We were welcomed by our German hosts who shook the hands of these veterans and thanked them for
liberating them and their forebears from the Nazi tyranny.
It was an extraordinary thing to be part of.
But it sparked a fascination in me for the removal of these scientists,
the Allied desire to basically cherry-pick the best German military engineers
and scientists to boost their programs back home.

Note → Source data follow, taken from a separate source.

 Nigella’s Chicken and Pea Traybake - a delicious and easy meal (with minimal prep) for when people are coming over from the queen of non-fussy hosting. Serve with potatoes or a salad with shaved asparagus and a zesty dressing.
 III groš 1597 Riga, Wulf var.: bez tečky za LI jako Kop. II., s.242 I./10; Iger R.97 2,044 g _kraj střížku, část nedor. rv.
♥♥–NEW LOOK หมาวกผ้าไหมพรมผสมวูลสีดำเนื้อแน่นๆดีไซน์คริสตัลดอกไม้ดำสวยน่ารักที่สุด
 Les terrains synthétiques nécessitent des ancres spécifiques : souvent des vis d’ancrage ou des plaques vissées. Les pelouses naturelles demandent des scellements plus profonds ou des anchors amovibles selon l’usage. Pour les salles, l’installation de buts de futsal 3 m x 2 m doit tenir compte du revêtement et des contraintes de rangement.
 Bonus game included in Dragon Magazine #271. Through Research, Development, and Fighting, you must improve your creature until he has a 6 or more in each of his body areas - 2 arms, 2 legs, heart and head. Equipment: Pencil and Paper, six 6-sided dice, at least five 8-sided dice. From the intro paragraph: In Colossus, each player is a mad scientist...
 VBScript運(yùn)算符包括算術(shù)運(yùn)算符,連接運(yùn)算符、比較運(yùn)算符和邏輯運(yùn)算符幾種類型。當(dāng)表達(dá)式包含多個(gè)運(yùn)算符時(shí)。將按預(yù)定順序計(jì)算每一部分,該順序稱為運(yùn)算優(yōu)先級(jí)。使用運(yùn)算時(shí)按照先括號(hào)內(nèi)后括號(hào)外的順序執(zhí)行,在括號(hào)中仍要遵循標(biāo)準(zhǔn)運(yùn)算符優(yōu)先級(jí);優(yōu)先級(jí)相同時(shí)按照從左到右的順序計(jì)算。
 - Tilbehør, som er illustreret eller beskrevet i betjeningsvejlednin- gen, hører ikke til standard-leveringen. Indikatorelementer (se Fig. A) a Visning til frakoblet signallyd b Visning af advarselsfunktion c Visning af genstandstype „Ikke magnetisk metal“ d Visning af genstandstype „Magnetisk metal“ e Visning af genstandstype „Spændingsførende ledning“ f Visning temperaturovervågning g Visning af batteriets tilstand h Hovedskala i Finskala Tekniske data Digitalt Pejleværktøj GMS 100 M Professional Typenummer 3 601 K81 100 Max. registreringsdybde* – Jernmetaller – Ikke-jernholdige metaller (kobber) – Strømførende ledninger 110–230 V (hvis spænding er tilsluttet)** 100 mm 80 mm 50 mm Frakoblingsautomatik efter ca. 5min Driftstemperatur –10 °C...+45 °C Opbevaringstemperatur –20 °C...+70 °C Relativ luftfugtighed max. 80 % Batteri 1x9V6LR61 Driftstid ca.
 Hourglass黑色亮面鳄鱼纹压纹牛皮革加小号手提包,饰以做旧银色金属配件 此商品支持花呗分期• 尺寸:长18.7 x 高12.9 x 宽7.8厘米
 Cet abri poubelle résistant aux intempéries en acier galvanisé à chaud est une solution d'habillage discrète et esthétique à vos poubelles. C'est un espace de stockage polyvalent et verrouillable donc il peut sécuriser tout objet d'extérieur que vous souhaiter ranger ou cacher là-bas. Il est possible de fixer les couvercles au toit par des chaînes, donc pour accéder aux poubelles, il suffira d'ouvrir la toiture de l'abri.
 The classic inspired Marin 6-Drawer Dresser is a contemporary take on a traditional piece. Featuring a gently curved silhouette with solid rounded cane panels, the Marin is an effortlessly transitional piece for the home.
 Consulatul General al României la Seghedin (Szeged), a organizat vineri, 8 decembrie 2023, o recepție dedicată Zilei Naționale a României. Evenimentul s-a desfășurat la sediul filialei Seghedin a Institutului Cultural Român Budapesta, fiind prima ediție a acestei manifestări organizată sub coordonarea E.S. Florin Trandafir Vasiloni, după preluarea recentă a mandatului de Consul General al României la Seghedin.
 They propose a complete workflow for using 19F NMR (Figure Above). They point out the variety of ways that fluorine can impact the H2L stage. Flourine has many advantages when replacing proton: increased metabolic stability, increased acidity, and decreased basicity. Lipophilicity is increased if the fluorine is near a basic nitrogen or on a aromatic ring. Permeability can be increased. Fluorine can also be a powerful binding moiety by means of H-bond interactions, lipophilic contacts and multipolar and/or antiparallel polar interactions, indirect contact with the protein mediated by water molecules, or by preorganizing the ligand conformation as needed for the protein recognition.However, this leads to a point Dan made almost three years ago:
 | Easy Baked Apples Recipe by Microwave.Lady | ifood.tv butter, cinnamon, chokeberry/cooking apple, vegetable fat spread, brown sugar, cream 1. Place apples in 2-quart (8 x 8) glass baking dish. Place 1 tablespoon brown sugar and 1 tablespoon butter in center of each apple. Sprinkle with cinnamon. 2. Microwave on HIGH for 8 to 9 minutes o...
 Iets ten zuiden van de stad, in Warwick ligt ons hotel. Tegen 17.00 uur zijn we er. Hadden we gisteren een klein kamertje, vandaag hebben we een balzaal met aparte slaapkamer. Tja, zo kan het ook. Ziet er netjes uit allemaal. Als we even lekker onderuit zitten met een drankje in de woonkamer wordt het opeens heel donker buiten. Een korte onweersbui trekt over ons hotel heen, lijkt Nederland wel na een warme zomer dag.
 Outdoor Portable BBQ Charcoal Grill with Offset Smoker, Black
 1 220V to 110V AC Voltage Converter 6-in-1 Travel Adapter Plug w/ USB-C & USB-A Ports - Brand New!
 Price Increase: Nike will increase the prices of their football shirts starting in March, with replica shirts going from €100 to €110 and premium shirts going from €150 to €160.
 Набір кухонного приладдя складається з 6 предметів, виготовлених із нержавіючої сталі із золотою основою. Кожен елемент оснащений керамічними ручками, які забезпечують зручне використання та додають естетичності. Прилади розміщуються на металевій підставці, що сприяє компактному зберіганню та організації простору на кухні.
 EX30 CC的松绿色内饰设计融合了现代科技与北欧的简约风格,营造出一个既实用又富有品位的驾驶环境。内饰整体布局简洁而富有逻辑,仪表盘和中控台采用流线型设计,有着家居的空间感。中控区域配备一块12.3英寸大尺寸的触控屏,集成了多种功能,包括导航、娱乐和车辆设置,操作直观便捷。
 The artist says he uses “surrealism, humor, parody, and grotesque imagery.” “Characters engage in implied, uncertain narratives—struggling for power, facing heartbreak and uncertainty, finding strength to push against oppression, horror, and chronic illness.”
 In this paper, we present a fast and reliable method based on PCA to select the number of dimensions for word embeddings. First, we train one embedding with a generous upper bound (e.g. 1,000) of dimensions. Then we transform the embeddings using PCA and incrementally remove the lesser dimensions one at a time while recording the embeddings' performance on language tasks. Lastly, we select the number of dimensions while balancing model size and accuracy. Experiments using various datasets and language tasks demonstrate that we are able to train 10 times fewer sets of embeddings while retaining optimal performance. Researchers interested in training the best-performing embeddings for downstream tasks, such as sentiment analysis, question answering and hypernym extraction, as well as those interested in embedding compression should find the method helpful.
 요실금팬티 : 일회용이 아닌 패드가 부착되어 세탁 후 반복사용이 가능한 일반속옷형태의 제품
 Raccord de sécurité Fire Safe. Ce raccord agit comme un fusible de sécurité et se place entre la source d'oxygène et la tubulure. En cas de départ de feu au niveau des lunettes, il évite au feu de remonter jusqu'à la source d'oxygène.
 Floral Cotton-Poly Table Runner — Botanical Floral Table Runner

That's the Soviet Union, the French, the British, and of course the Americans.
The Americans launched Operation
Paperclip, and it was a top secret intelligence program to bring Nazi scientists to America,
most famous among them, of course, Wernher von Braun, who was Hitler's rocket scientist,
who would then go and work at NASA and help design the rocket that would carry the Apollo
mission astronauts to the moon. It's a crazy thought, crazy thought. Even though
he was utterly compromised, he was obviously complicit in many of the crimes against humanity
perpetrated by the Nazi German state. But he wasn't the only one. There were many of them,
some like 1,600 scientists were taken across to the US to work in all sorts of different fields.
It's been calculated they contributed tens of billions of dollars
to US R&D, economic output,
but it's impossible to come up with any real estimation of their impact.
I talked to Annie Jacobson.
She's a journalist in the US.
She's been nominated for a Pulitzer Prize.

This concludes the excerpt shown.